SigLoMa: a quadruped robot that learns manipulation in the real world using vision alone

LLM & Modèles 🟢 Beginner ⏱️ 14 min read 📅 2026-05-06

SigLoMa: a quadruped robot that learns manipulation in the real world using only its vision

🔎 Robotics is finally leaving the lab

For years, mobile robotics research has been hitting the same wall: everything works in simulation, everything crashes in the real world. The famous sim-to-real gap — this discrepancy between the perfect laws of physics in a simulator and the chaos of a real environment — has slowed down the deployment of utility robots.

SigLoMa breaks this cycle. This system, detailed in the paper SigLoMa: Learning Open-World Quadrupedal Loco-Manipulation from Ego-Centric Vision (May 2025), teaches a quadruped to move and manipulate objects in real spaces, without ever going through a simulation.

The approach relies entirely on egocentric vision: a single camera mounted on the robot. No motion capture, no environment calibration, no pre-existing 3D models. The robot observes, acts, and learns from its own interactions.
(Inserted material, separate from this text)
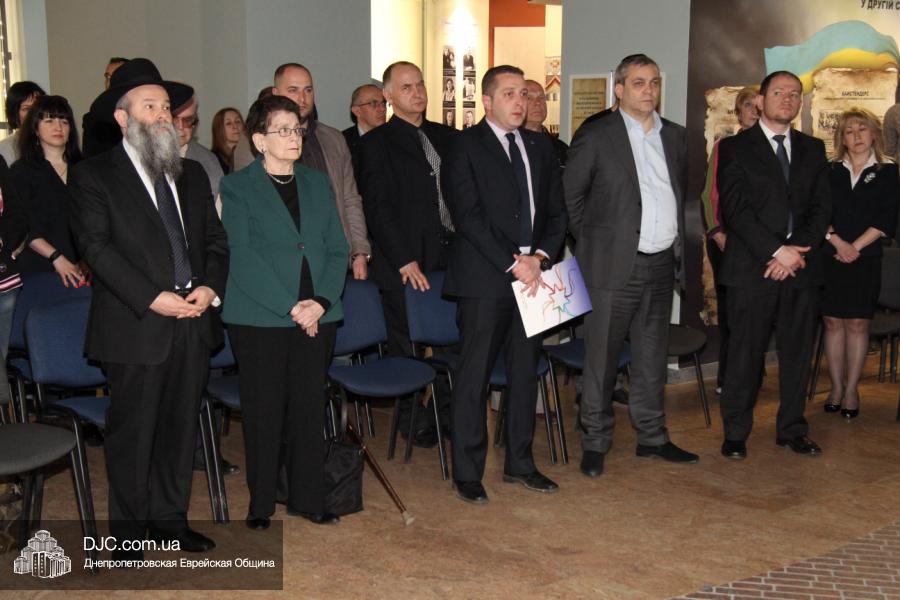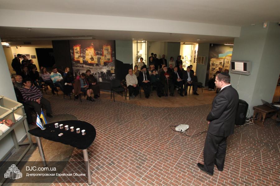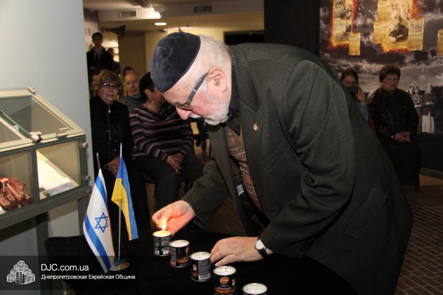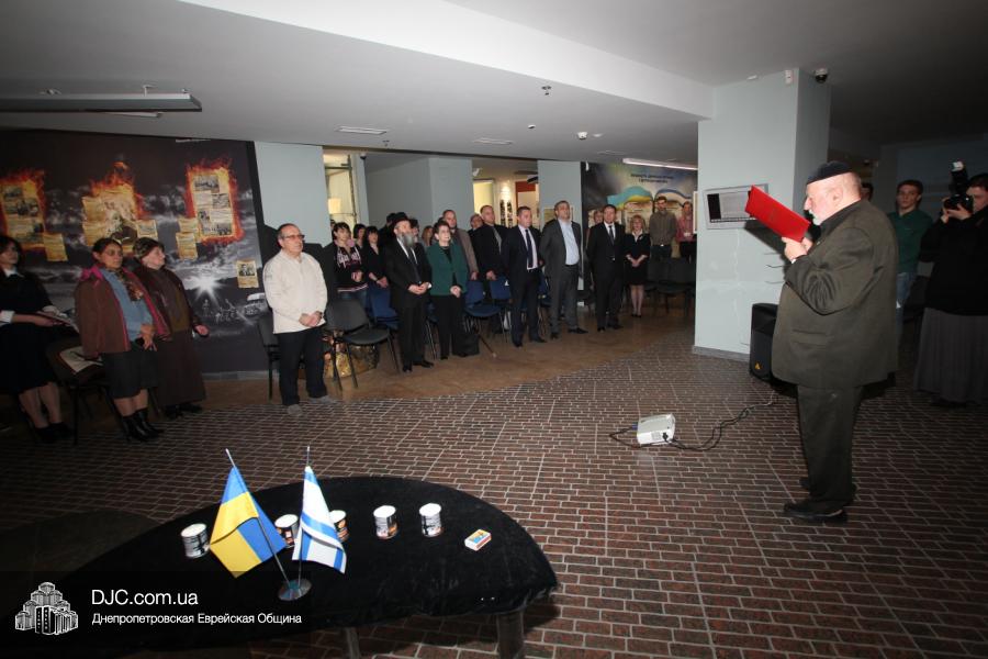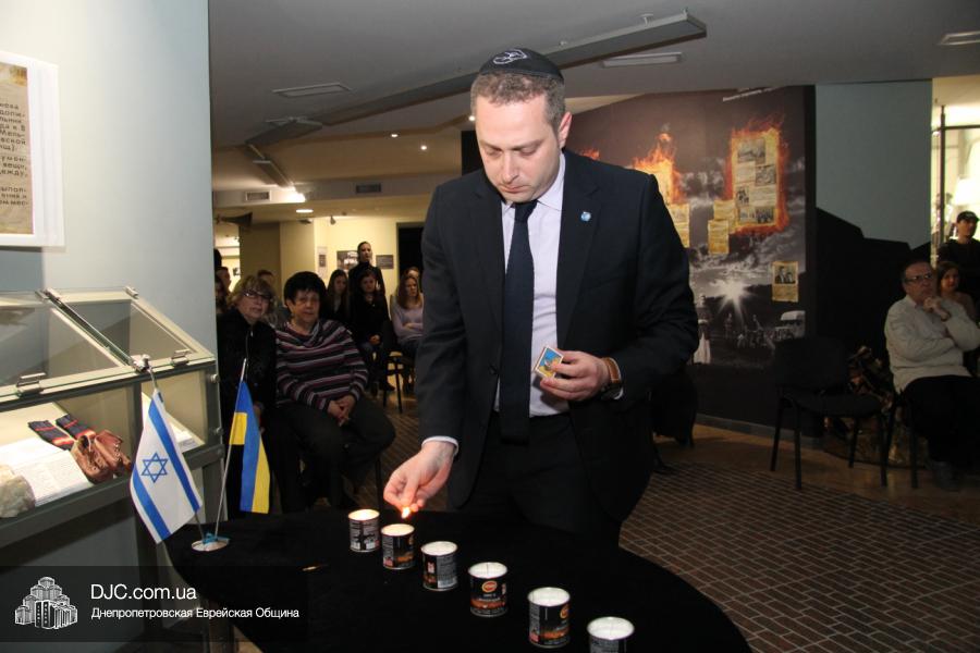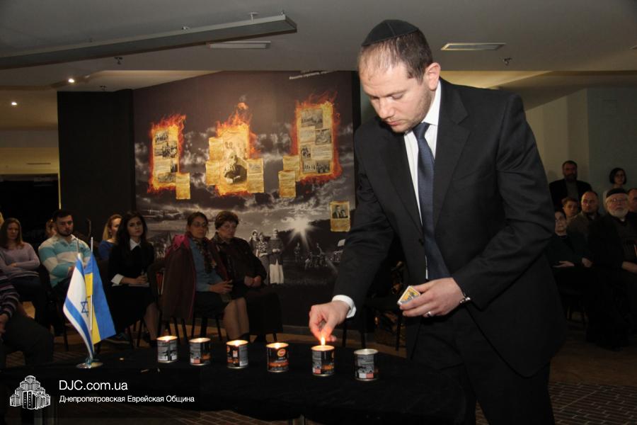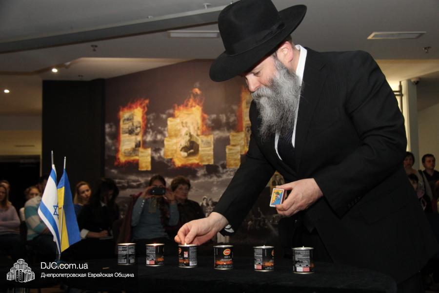 Далее слово было предоставлено советнику губернатора Днепропетровской области господину Борису Трейгерману, председателю правления центра «Джойнт» в восточной Украине Йонатану Лейферу и старшему научному сотруднику УИИХ «Ткума» Дильфузе Глущенко. Каждому из выступавших была предоставлена честь зажечь нер нешама в честь шести миллионов безвинных жертв нацизма.

This result comes right on time. Following the race for humanoid robots that is gaining momentum, the industry is realizing that locomotion alone is no longer enough. A robot that knows how to walk but doesn't know how to open a door or grab a package remains a lab gadget. SigLoMa tackles exactly this gap: merging movement and manipulation on a quadruped platform.

The essentials

SigLoMa learns loco-manipulation (walking + grasping) in the real world, without prior simulation.
The system uses only the egocentric vision of an onboard camera, without external sensors or motion capture.
The method solves the sample efficiency problem — the robot learns in a few tens of minutes, not in thousands of hours.
The results are validated on the Unitree Go1 quadruped robot in unprepared domestic environments.
It is a rare case of success in the open-world: the robot generalizes to objects and places never seen during training.

Recommended tools

Why loco-manipulation is the Holy Grail of mobile robotics

A robot must do two things: go somewhere and do something useful there. The community has treated these problems separately for decades.
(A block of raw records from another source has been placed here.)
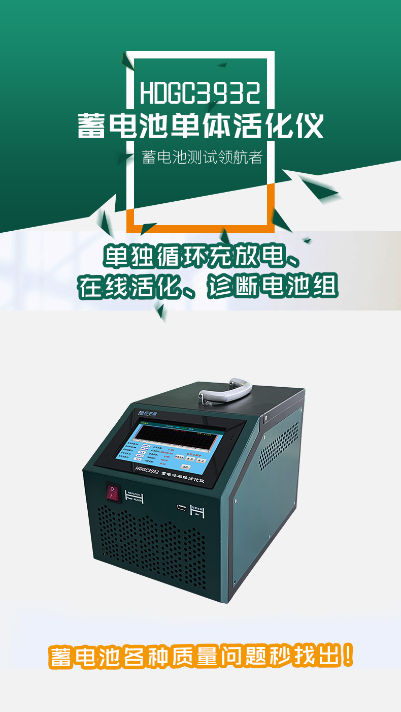 ? ? ? ?HDGC3932蓄電池單體活化儀采用高頻、低壓、大電流特點(diǎn)在定向電流的作用下分解緊附在電池極板表面的硫酸鉛結(jié)晶體,重新還原成鉛離子,從而實(shí)現(xiàn)蓄電池充電及修復(fù)功能。是集蓄電池恒流放電、智能充電和充放電循環(huán)于一體的測(cè)試設(shè)備,是針對(duì)該落后電池進(jìn)行循環(huán)充放電,深度充放電,激活電池活性物質(zhì),達(dá)到活化目的。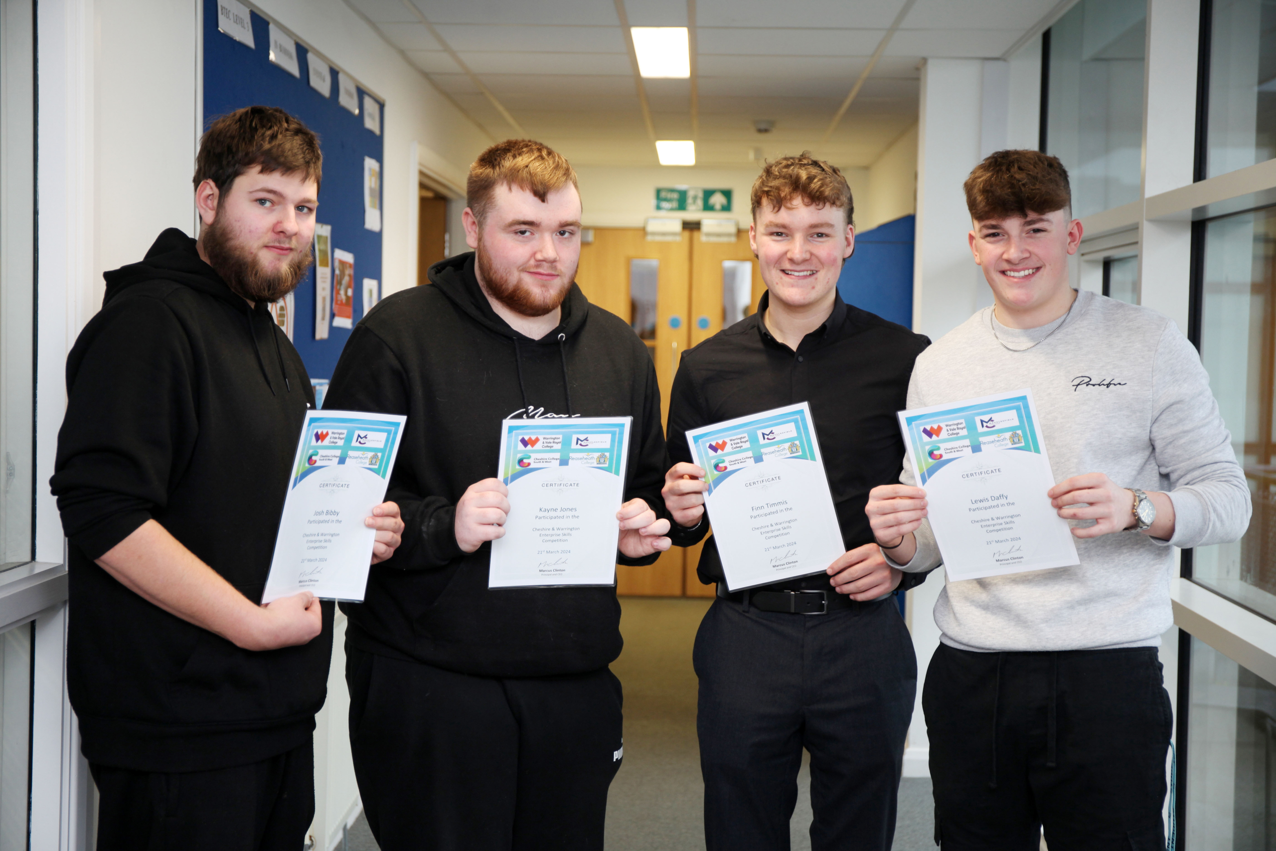 You are here: Home1 / 2 / Reaseheath students win festival recycling challenge at inter-college business competition3 / Macclesfield Josh Bibby, Kayne Jones, Finn Timmis, Lewis Daffy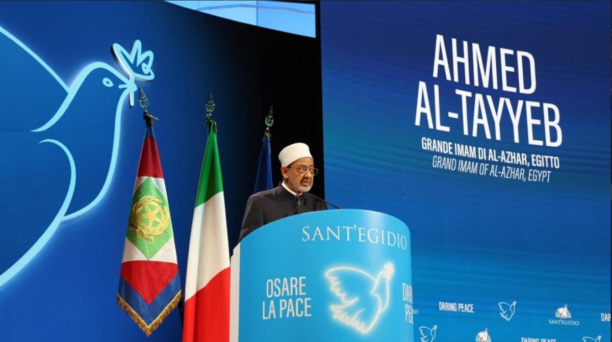 شارك فضيلة الإمام الأكبر الدكتور أحمد الطيب، شيخ الأزهر الشريف، رئيس مجلس حكماء المسلمين، في القمَّة العالميَّة التي تعقدها جمعية سانت إيجيديو بالعاصمة الإيطالية روما تحت عنوان "اللقاء العالمي من أجل السلام: إيجاد الشجاعة لتحقيق السلام"، بحضور الرئيس الإيطالي سيرجيو ماتاريلا، وجلالة الملكة ماتيلد ملكة بلجيكا، وأبرز القادة الدينيين والمفكِّرين من حول العالم.

Quadruped locomotion exploded in 2020-2022 with work like that from ETH Zurich and MIT. Robots walk, run, get up after a fall. Impressive on video, but limited in practice: a robot dog that crosses a room without interacting with anything has no industrial utility.

Manipulation, on the other hand, has progressed via robotic arms mounted on fixed bases. A fixed arm grasps, sorts, assembles. But it is trapped on its base. It doesn't go get the object: it waits for it to be brought to it.
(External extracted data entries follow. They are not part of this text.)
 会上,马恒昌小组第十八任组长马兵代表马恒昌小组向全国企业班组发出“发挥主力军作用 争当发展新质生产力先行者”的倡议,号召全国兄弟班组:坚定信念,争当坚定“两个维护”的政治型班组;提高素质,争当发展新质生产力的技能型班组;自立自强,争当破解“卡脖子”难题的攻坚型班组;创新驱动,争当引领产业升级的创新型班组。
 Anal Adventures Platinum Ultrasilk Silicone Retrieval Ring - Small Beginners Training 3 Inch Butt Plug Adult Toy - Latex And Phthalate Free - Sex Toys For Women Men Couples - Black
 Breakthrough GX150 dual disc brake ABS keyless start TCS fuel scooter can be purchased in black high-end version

Loco-manipulation merges the two. The robot moves to an object, grabs it, carries it. This is what turns a demonstration robot into a utility machine. It is also what Boston Dynamics aims for with Atlas: a humanoid that walks in a workshop and manipulates parts.

But on a quadruped, the challenge is additional. The whole body vibrates while walking. The head (and therefore the camera) constantly oscillates. Grasping an object with a gripper mounted on a moving back is like trying to thread a needle while running on a treadmill.

SigLoMa shows that it's possible, and with disconcerting elegance: a single camera, no other sensor, no software safety net.

The sim-to-real gap: why everyone suffers from it

The dominant approach in learning robotics is called sim-to-real. The control policy is trained in a physics simulator (MuJoCo, Isaac Sim, PyBullet), then transferred to the real robot.

The problem? The real world is ungrateful.

A simulator models gravity, friction, and the mass of objects with fixed parameters. In reality, a table's friction varies according to humidity, temperature, and surface wear. An object slides differently from one day to the next. The robot's motors have mechanical play, calibration drifts, and unmodeled elasticities.

To bridge this gap, researchers use domain randomization techniques: they randomly vary physical parameters in simulation (mass, friction, latency) to force the policy to be robust. This works partially for pure locomotion. For fine manipulation, it's catastrophic.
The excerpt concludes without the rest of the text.